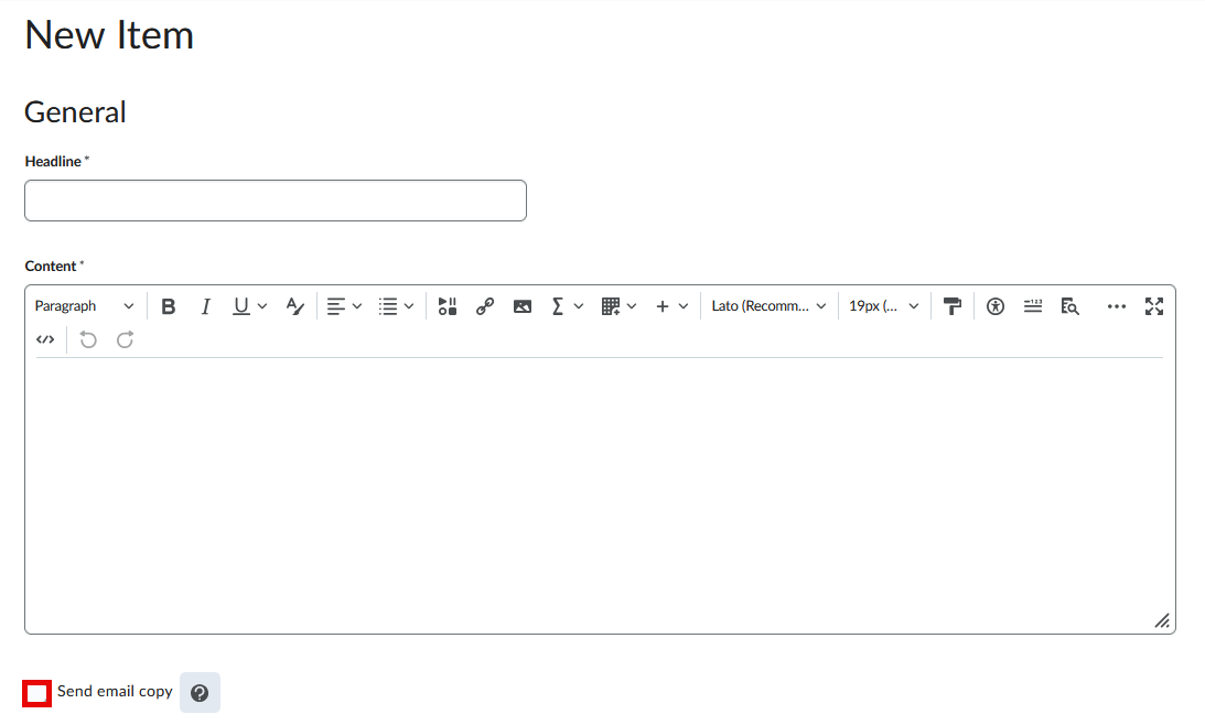 Important: When copying an entire course or selected news item(s) to another course site, the Send Email Copy checkbox resets. Before publishing, reselect the checkbox if needed.
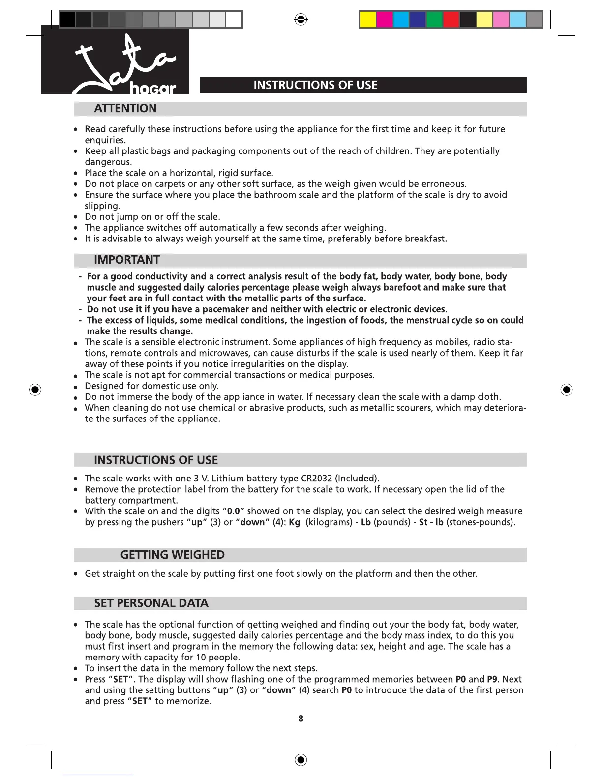 Jata 527N - Instructions of Use; Attention and Important Notes; Basic Operation; Setting Personal Data
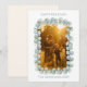 A modern and serene photo card framed by soft watercolor eucalyptus leaves and frosted winter berries. The cool blue-green tones create a calm and elegant Christmas aesthetic, perfect for sharing warm wishes and timeless family memories this holiday season.
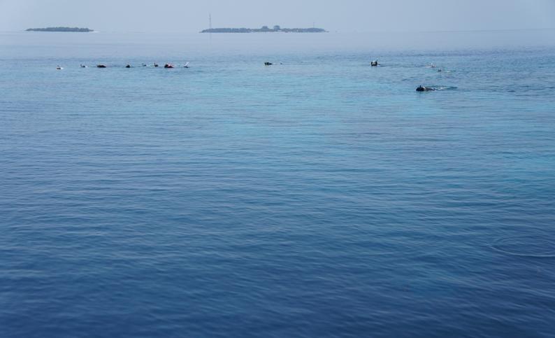 由领队带着在海沟附近浮潜,我们这一队里,欧美人都不穿救生衣

YOUR INSTRUCTIONS — Reproduce the material exactly; keep pictures out.

ANSWER SECTION —
 Important: When copying an entire course or selected news item(s) to another course site, the Send Email Copy checkbox resets. Before publishing, reselect the checkbox if needed.
 Jata 527N - Instructions of Use; Attention and Important Notes; Basic Operation; Setting Personal Data
 A modern and serene photo card framed by soft watercolor eucalyptus leaves and frosted winter berries. The cool blue-green tones create a calm and elegant Christmas aesthetic, perfect for sharing warm wishes and timeless family memories this holiday season.
 由领队带着在海沟附近浮潜,我们这一队里,欧美人都不穿救生衣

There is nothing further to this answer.